What the task asks
When you reach the line containing "夏季网纱飘带编发发饰艾莎长尾蝴蝶结发夹儿童马尾辫发卡头饰批发", begin reproducing the material exactly, stop after the line containing "A-GG. A. Duncherchen.", and leave out any pictures along the way.

(Data under study Opens)

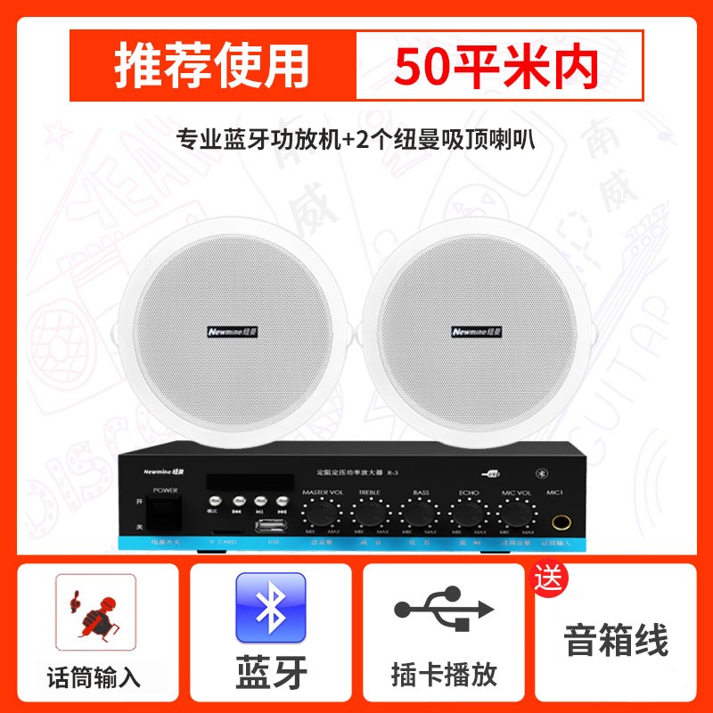 纽曼Newmine吸顶式音响箱,适用于客厅家用,也很适合店铺装修、会议室使用,能为空间打造美妙的背景音乐氛围。这款音响箱是功放套装,可安装在天花板上。
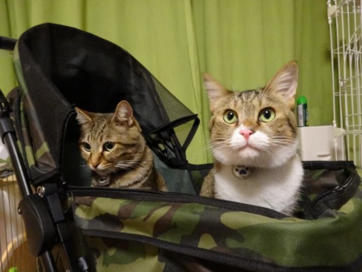 小さいキャリーにドラ、大きいキャリーにニコサクと分け、徒歩で行くんです。
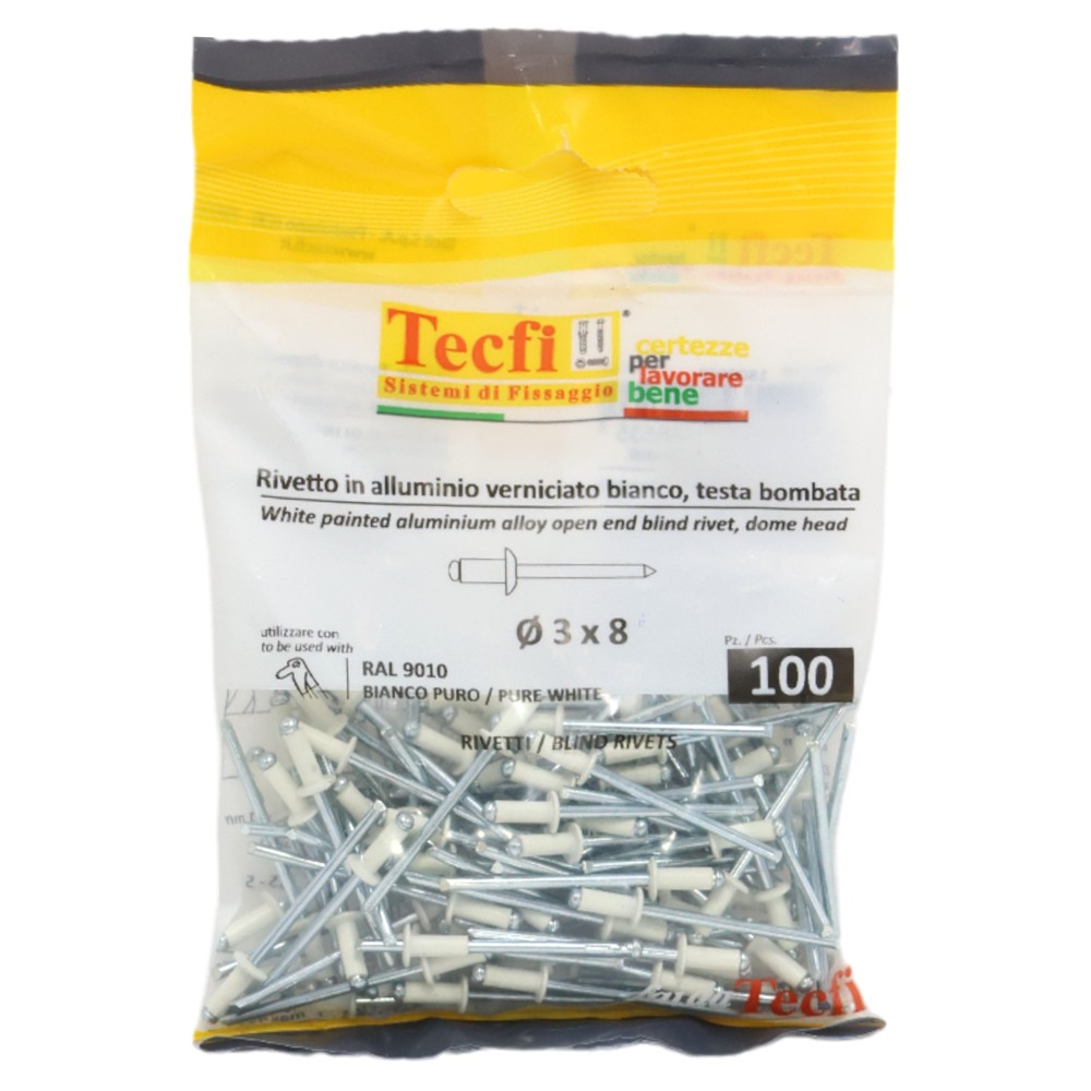 Perçina Alumini/çeliku RAL 9010, Ø 3x8mm , Bag 100
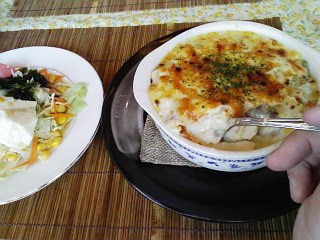 私のお気に入りのドリア。先日はカレードリア、今日はシーフードドリアで栄養補給。
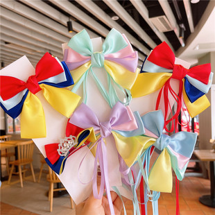 夏季网纱飘带编发发饰艾莎长尾蝴蝶结发夹儿童马尾辫发卡头饰批发
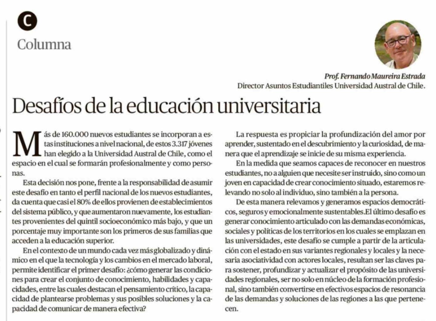 Columnas de Opinión: Desafíos de la educación universitaria
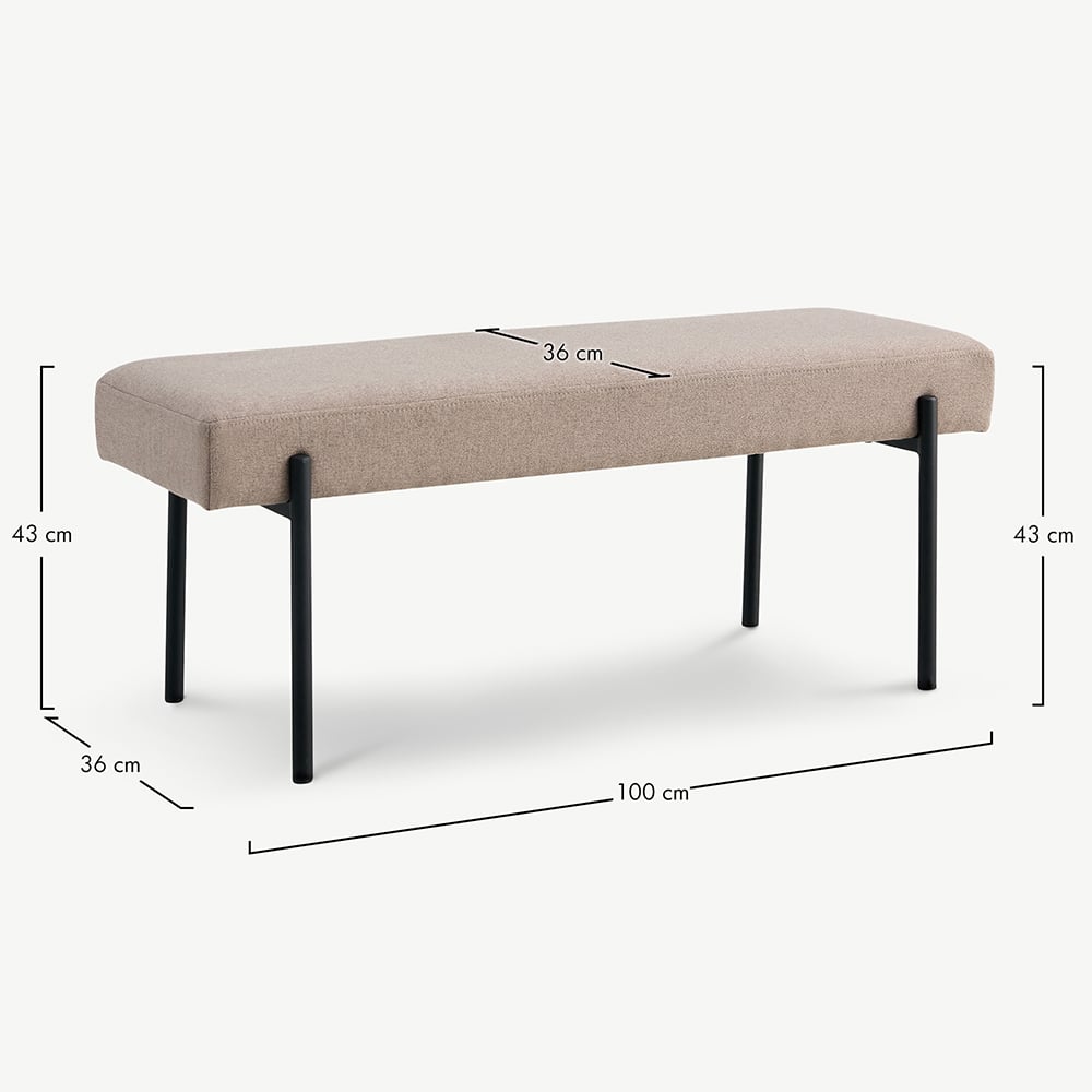 Die taupefarbene Stoffbank besticht nicht nur durch ihre ansprechende Ästhetik, sondern wird noch dazu von stabilen schwarzen Beinen getragen, die ihr eine hohe Lebensdauer garantieren und den Strapazen des Alltags mühelos standhalten. Zusammen mit der weichen, taupefarbenen Polsterung, die im Kontrast zu den robusten Beinen steht, wird die Florian Sitzbank zu einem Sinnbild für Stabilität und Raffinesse.
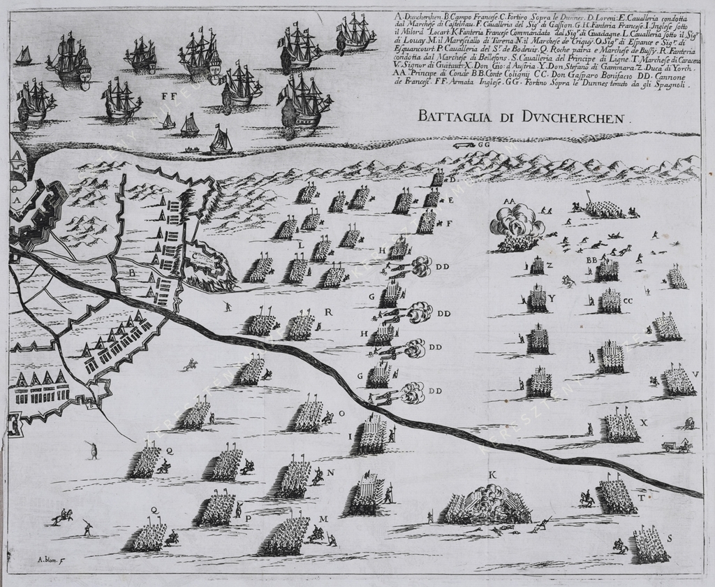A-GG. A. Duncherchen. B. Campo Francese. C. Fortiro (sic) Sopra le Dunnes […] FF. Armata Inglese. GG. Fortino Sopra le Dunnes tenuto da gli Spagnoli.
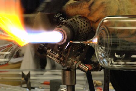 Process glass blowing manufacturing . Fire heats glass blank with glass-blowing burner. Handmade glassworks
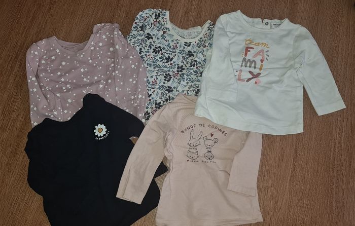 Lot tee shirt manche longue il y a du primark et du kiabi Le blanc a une petite tache sur la manche voir photo
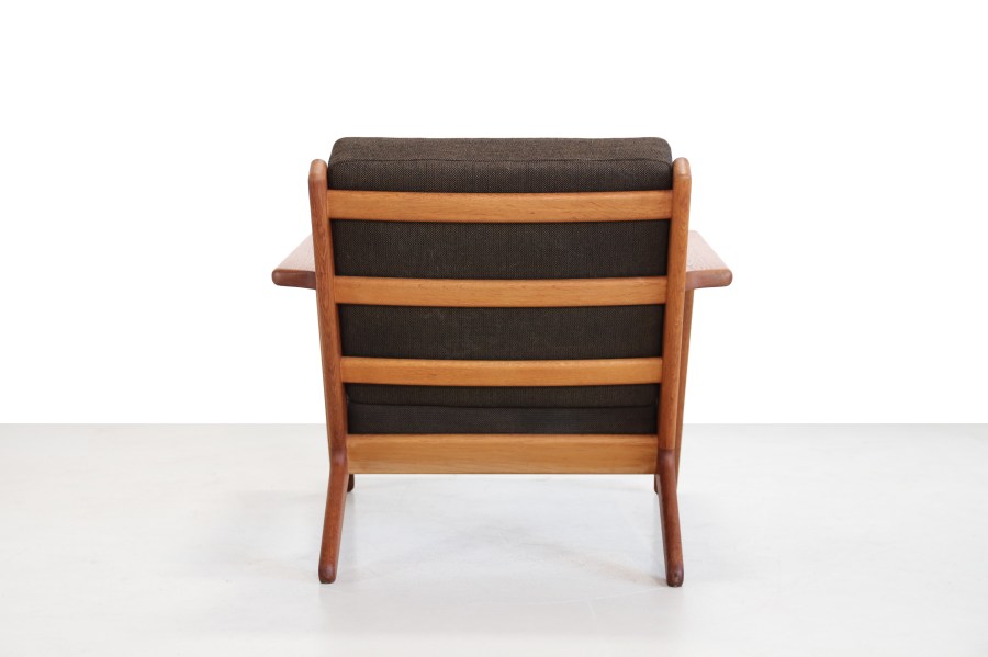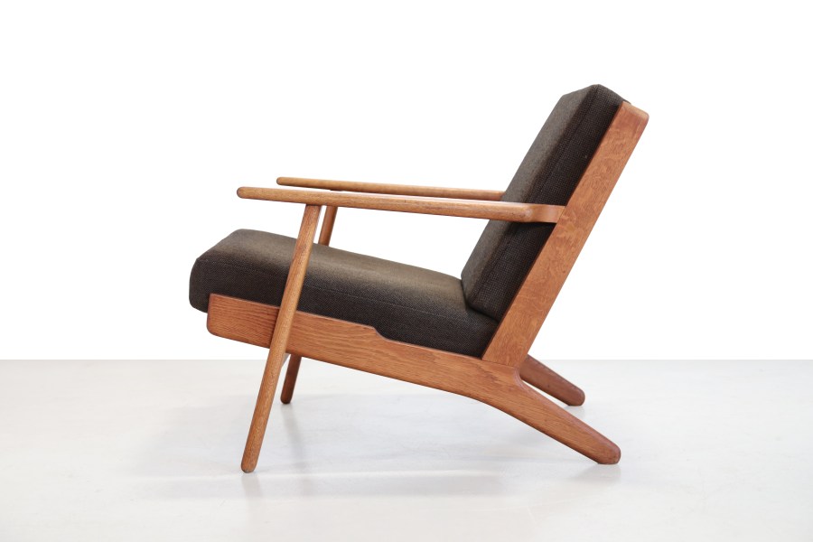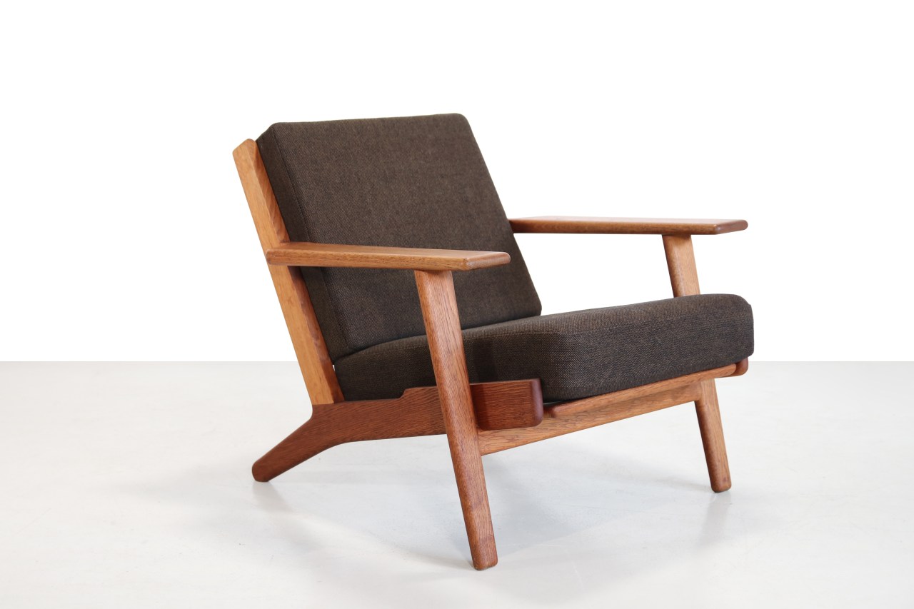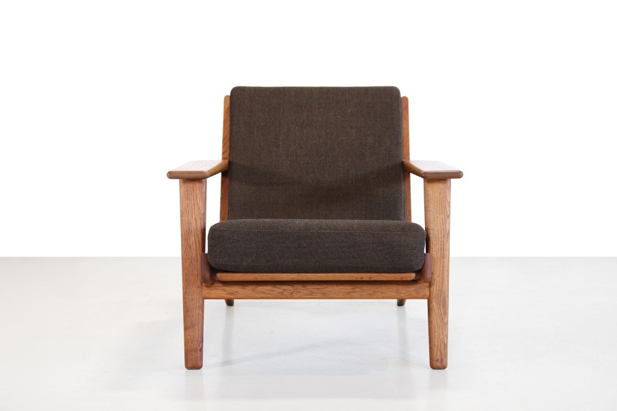 Omschrijving: Prachtige klassieker van Hans J. Wegner voor Getama uit Denemarken. Dit model, GE290, is een fauteuil gemaakt van massief eikenhout. Geweldig iconisch ontwerp van misschien wel de bekendste ontwerper uit Denemarken. Naast het ontwerp en de hoge kwaliteit zit de fauteuil ook nog eens heerlijk. De stoel heeft de origine kussen met de originele bruine wollen stof van Kvadrat. De stoel is 70 cm hoog, 85 cm diep en 75cm breed. De zithoogte is 43 cm.

(Data under study Closes)

Exercise answer
 夏季网纱飘带编发发饰艾莎长尾蝴蝶结发夹儿童马尾辫发卡头饰批发
 Columnas de Opinión: Desafíos de la educación universitaria
 Die taupefarbene Stoffbank besticht nicht nur durch ihre ansprechende Ästhetik, sondern wird noch dazu von stabilen schwarzen Beinen getragen, die ihr eine hohe Lebensdauer garantieren und den Strapazen des Alltags mühelos standhalten. Zusammen mit der weichen, taupefarbenen Polsterung, die im Kontrast zu den robusten Beinen steht, wird die Florian Sitzbank zu einem Sinnbild für Stabilität und Raffinesse.
A-GG. A. Duncherchen. B. Campo Francese. C. Fortiro (sic) Sopra le Dunnes […] FF. Armata Inglese. GG. Fortino Sopra le Dunnes tenuto da gli Spagnoli.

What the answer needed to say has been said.